Thresholds for reliability
We refrain from making specific recommendations for what should be considered “adequate” or “excellent” reliability. Reliability estimates are continuous, and using arbitrary thresholds may hinder their utility. Other researchers have suggested that .7 or .8 is a suitable threshold for reliability or have used labels for specific intervals (e.g., .50–.75 = “moderate” reliability, .75–.90 = “good” reliability, and > .90 = “excellent” reliability; Koo & Li, 2016). These labels should not be considered thresholds to pass, but rather should be considered another means to assess the validity of results based on these measures (Rodebaugh et al., 2016). A benefit of widespread reporting of reliability is that it would be possible to describe a task’s normative range of reliability estimates generated across samples, conditions, and task versions. Researchers would then have an almost metapsychometric reference point to compare with their estimates. Such comparisons are likely to be more useful than merely claiming that one’s measure has achieved “adequate” reliability.

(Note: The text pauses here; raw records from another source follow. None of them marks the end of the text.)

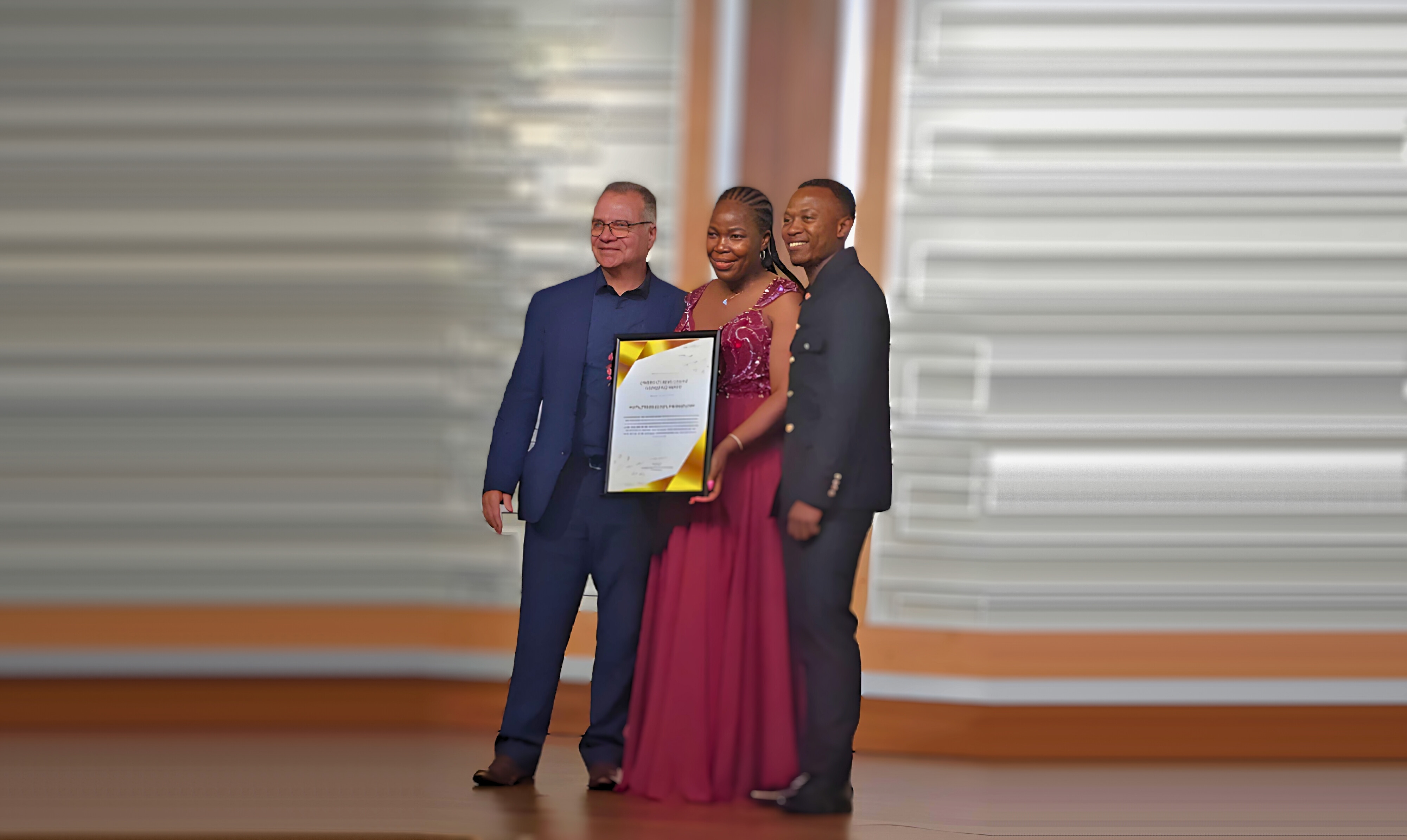 Presenting the prestigious Youth Employment Award presented to exemplify the heritage of skills development for the merSETA funded and SACGRA managed internship program at Kinfasa Engineering. Presented on September 12, 2025 by Mr Thamsanqa Maqubela (Founder & CEO) to Ms Claudia Salamanca (Director Admin, Kinfasa) and Ms Patricia Simamane (Health & Safety Officer, Kinfasa) for incredible skills transfer and stipend top up to Mr Luthando Mthwa (Mechanical Engineering graduates from Mangosuthu University of Technology in Durban.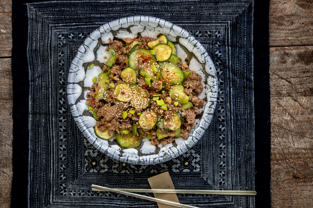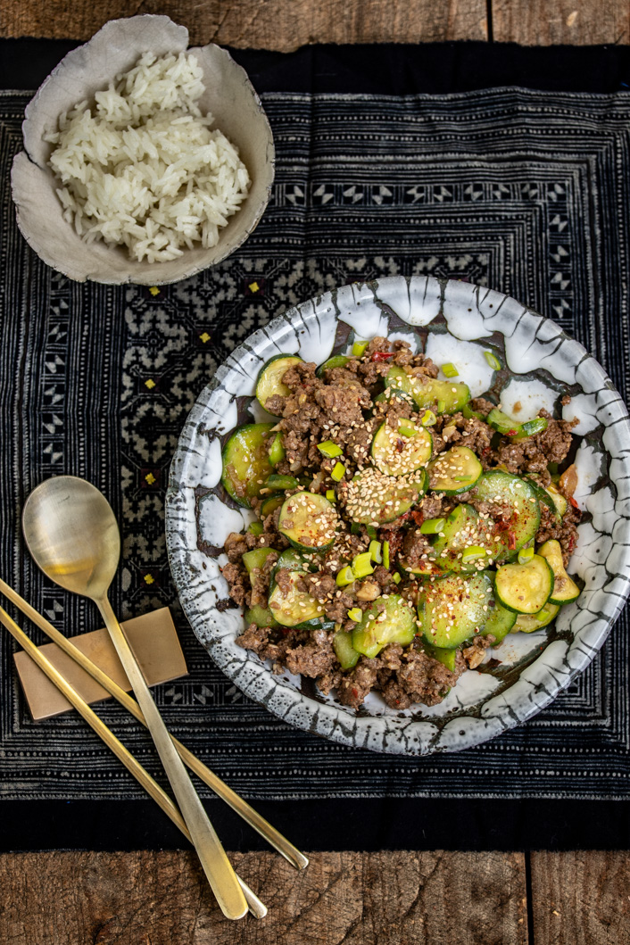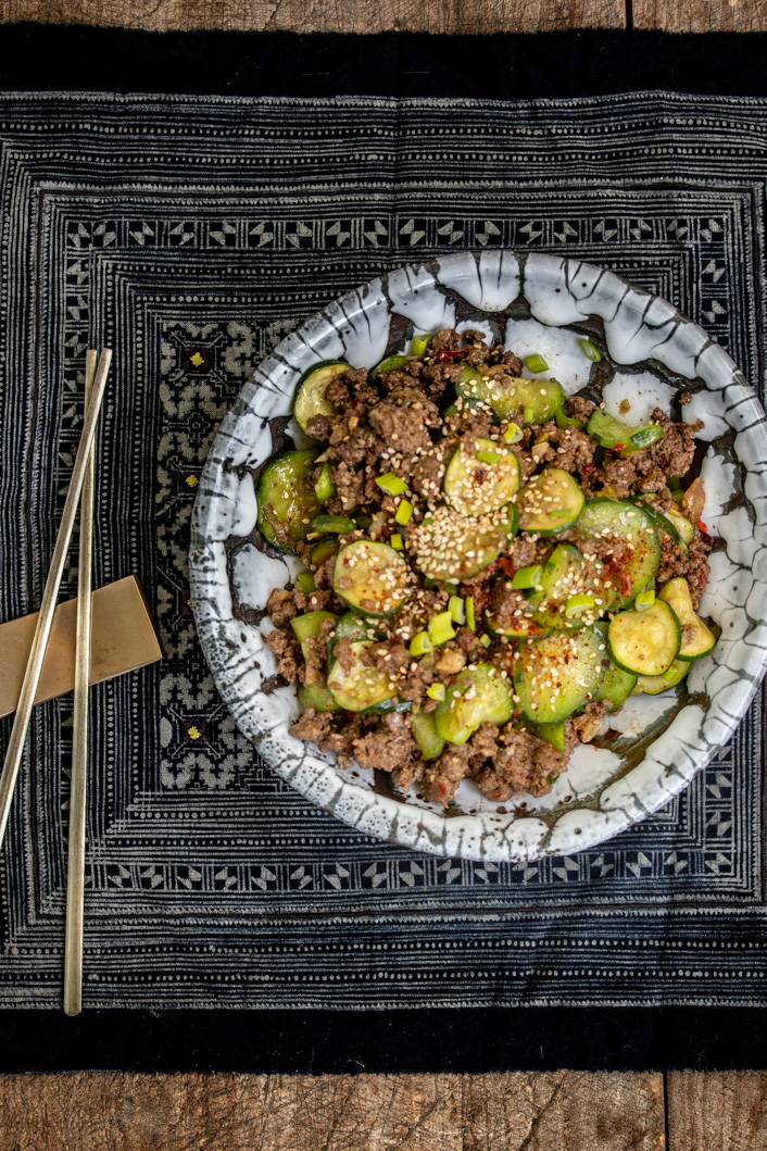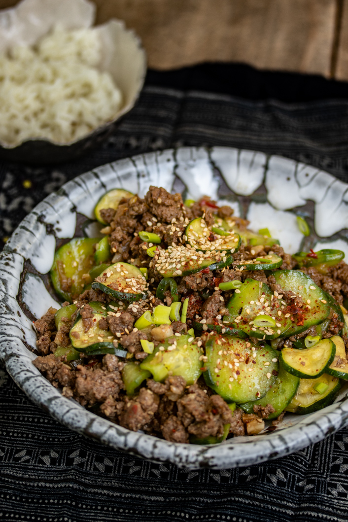 Koreanisches Rindfleisch mit Gurken und Zucchini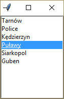 rad2 = Radiobutton(okno,text='Tarnów', value=2, variable=selected)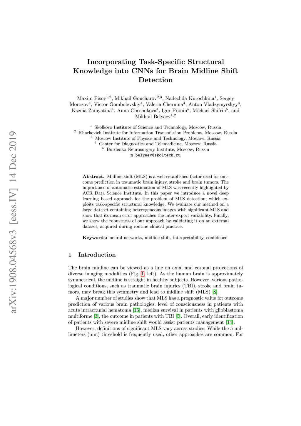 Midline shift (MLS) is a well-established factor used for outcome prediction in traumatic brain injury, stroke and brain tumors. The importance of automatic estimation of MLS was recently highlighted by ACR Data Science Institute. In this paper we introduce a novel deep learning based approach for the problem of MLS detection, which exploits task-specific structural knowledge. We evaluate our method on a large dataset containing heterogeneous images with significant MLS and show that its mean error approaches the inter-expert variability. Finally, we show the robustness of our approach by validating it on an external dataset, acquired during routine clinical practice.

Negative reliability estimates
It is possible for reliability estimates to be negative. At first sight, such a finding might seem to indicate that those individuals who scored highest on the first half of the task, scored lowest on the second, and vice versa (a conclusion that is mind-boggling in many contexts). However, negative reliability estimates can arise spuriously for at least two reasons. The first is that the data may violate the assumption of equal covariances among half-tests (Cronbach & Hartmann, 1954). The second cause of spurious negative reliability estimates is specific to difference scores (e.g., bias indices or gain scores). When the components of a difference score correlate highly, the variance of the difference score will approach zero. At zero variance, reliability is also zero, but because of imprecision in the estimate, the correlation between two assessments may appear to be negative. In such cases, it appears as if the data have an impossible covariance structure, with the total proportion of variance explained by the difference score plus its component scores surpassing the maximum value of 1 (all variance observed). In cases when an unlikely negative reliability estimate is obtained, we recommend reporting that negative estimate but interpreting it as equaling zero reliability (indeed, the value of 0 will typically be included in the estimate’s confidence interval).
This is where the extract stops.